2. For the yeast m6a writer, I know that saccharomyces cerevisiae has Ime4-Mum2-Slz1 complex. I do not think m6A writer is absent in Schizosaccharomyces pombe. If it is absent, how can the m6a methylation happen?
It is then currently well accepted that S. pombe lacks homologues of human METTL3 and METTL14 proteins (see review by Fu et al; Nature Reviews Genetics, 2014) and so far, to our knowledge, no m6A has been found in S. pombe mRNAs. This is consistent with the fact that S. pombe YTH protein (Mmi1) does not recognize m6A containing mRNAs. To clarify this point, we have updated the text as follow: « Comparative genomics led to the conclusion that the m6A writers homologous to human METTL3 and METTL14 proteins are absent in S. pombe fission yeast »
Reviewer 3 Report
This is an excellent review on YTH domain-containing proteins as m6A readers. The manuscript is well documented and informative.
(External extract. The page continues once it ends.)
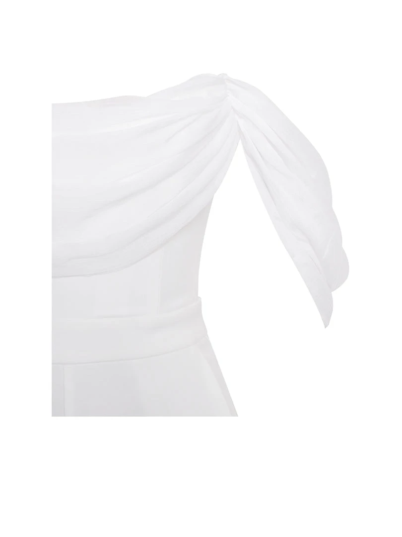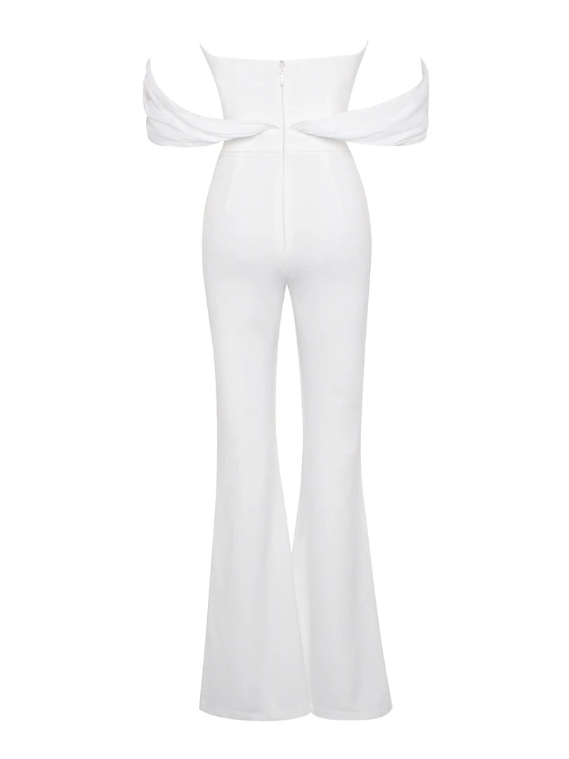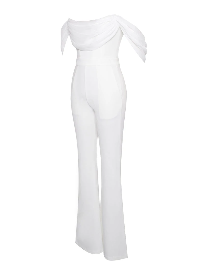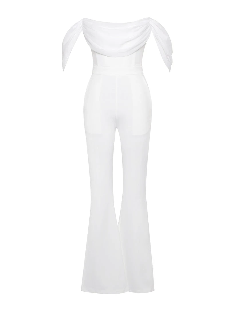 We wanted something soft, clean, and elegant so Sherlyn is what we created. Cut from a soft stretch crepe this fully lined jumpsuit is a must add to your summer white wardrobe. Featuring a boned corset bodice, silk pleated draping details, and a straight leg fit with a flared hem. This sleek jumpsuit channels iconic energy.

I have only minor comments below:
- Figure 1A:
L438 should be L439.
- Figure number in the text should be corrected.
Page 2, Line 89: Figure 1X should be 1A.
Page 3, Line 98: Figure 1X should be 1A.
Page 3, Line 109: Figure 1X should be 1A.
Page 5, Line 176: Figure 2 should be 3.
Page 8, Line 340: Figure 4 should be 4A.
Author Response
We thank you for your positive evaluation of our manuscript and your suggestions to improve its overall quality. All your comments have been addressed in the revised version.